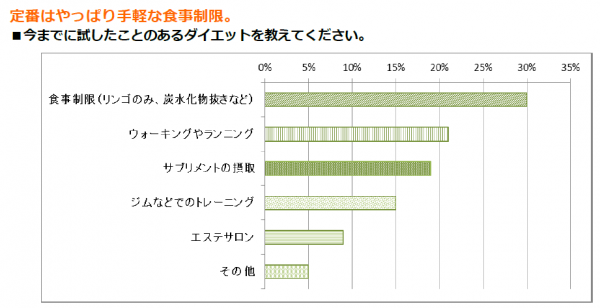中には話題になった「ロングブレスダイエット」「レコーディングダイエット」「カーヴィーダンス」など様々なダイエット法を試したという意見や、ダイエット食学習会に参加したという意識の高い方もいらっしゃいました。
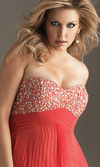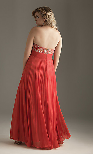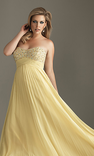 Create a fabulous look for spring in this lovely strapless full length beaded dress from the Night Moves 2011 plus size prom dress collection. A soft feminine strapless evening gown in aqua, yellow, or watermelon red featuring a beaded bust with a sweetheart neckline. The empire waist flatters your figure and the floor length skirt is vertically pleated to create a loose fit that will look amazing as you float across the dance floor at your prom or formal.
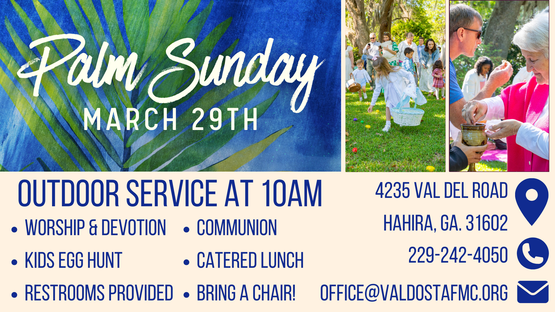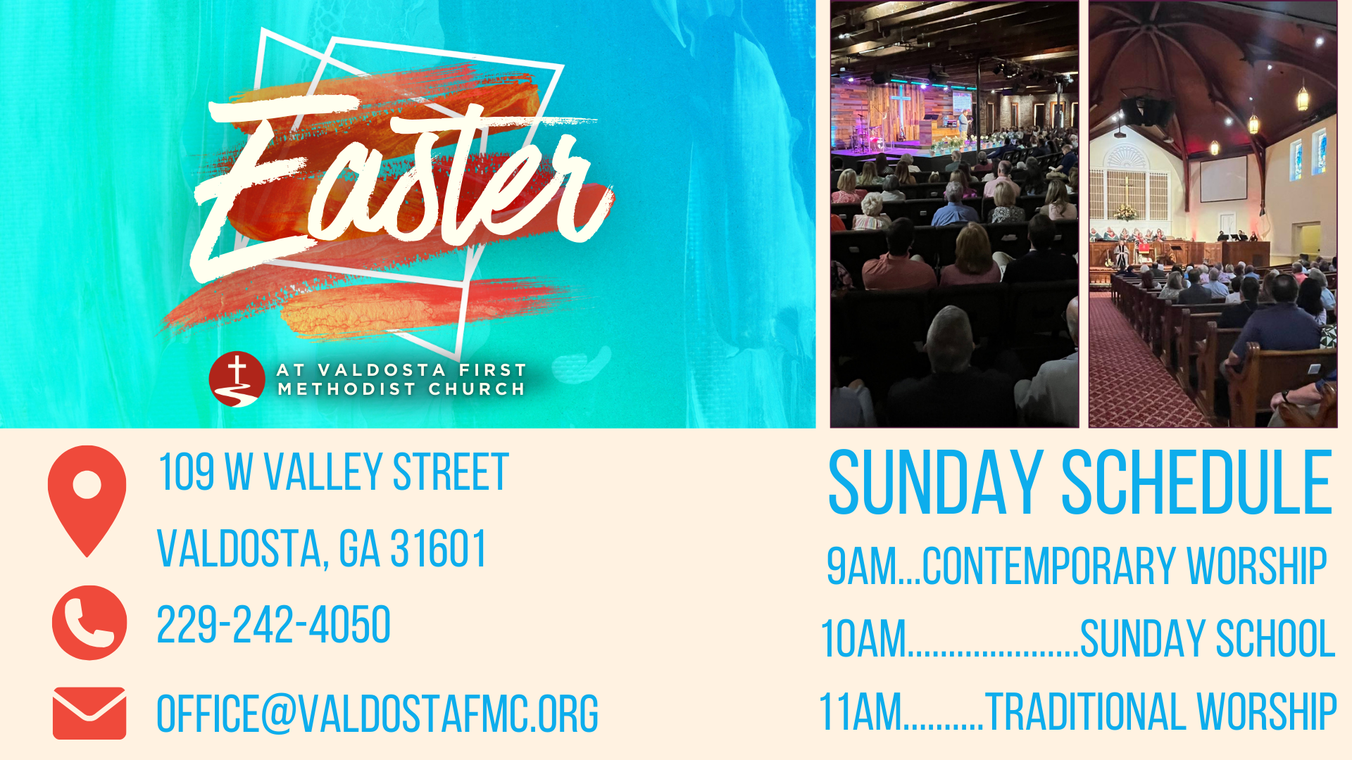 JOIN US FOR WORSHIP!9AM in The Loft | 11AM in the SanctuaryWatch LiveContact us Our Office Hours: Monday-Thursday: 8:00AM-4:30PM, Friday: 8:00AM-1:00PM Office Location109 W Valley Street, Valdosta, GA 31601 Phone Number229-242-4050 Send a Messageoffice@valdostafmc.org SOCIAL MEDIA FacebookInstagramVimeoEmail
...
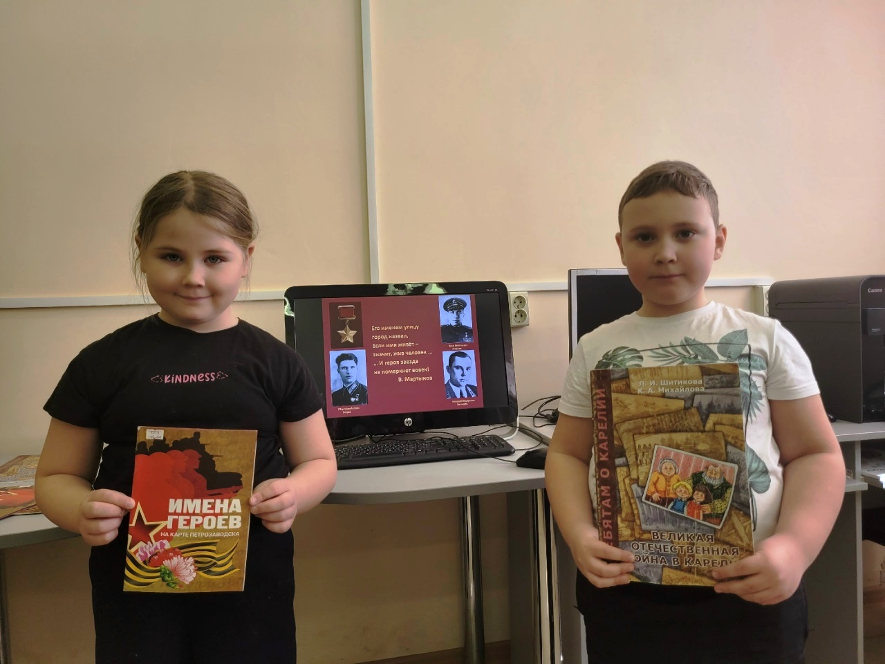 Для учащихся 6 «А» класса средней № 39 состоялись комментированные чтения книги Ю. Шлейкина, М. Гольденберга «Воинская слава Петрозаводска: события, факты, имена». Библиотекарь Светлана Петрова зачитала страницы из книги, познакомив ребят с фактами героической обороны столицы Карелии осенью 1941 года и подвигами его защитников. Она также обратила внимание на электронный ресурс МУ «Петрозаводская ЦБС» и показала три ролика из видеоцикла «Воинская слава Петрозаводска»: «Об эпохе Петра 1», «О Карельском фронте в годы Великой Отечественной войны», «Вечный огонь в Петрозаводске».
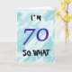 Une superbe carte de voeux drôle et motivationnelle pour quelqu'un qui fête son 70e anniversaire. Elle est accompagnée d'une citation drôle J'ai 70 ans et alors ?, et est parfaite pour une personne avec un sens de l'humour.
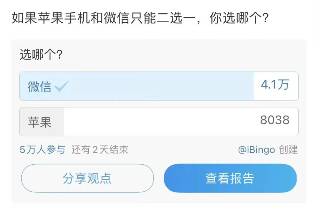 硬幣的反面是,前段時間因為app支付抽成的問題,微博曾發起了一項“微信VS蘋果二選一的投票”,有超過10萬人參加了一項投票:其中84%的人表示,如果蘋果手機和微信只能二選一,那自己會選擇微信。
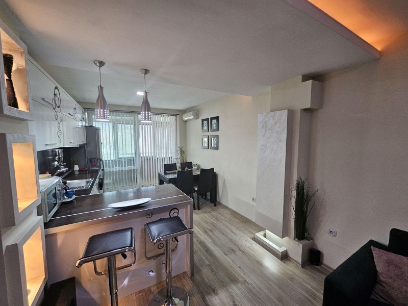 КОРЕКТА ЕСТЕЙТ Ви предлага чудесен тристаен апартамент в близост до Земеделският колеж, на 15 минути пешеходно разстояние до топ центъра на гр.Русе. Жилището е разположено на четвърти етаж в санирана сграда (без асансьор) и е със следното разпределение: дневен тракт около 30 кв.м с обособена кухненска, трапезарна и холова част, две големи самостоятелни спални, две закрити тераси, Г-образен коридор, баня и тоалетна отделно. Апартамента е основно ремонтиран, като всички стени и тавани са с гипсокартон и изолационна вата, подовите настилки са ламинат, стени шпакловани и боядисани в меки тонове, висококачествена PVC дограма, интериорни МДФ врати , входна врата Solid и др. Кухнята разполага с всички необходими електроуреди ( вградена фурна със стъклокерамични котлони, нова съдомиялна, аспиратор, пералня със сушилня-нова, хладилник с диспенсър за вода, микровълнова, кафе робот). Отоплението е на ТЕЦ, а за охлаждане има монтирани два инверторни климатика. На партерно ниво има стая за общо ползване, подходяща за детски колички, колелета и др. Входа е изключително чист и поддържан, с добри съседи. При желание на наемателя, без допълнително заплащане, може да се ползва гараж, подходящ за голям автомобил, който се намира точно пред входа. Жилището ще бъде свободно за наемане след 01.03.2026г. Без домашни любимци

Exercise goal: Copy the lines above exactly, starting at the one with "中には話題になった「ロングブ" and ending at the one with "JOIN US FOR", both included. Leave out any pictures and add nothing else.

Answer area:
中には話題になった「ロングブレスダイエット」「レコーディングダイエット」「カーヴィーダンス」など様々なダイエット法を試したという意見や、ダイエット食学習会に参加したという意識の高い方もいらっしゃいました。
 Create a fabulous look for spring in this lovely strapless full length beaded dress from the Night Moves 2011 plus size prom dress collection. A soft feminine strapless evening gown in aqua, yellow, or watermelon red featuring a beaded bust with a sweetheart neckline. The empire waist flatters your figure and the floor length skirt is vertically pleated to create a loose fit that will look amazing as you float across the dance floor at your prom or formal.
 JOIN US FOR WORSHIP!9AM in The Loft | 11AM in the SanctuaryWatch LiveContact us Our Office Hours: Monday-Thursday: 8:00AM-4:30PM, Friday: 8:00AM-1:00PM Office Location109 W Valley Street, Valdosta, GA 31601 Phone Number229-242-4050 Send a Messageoffice@valdostafmc.org SOCIAL MEDIA FacebookInstagramVimeoEmail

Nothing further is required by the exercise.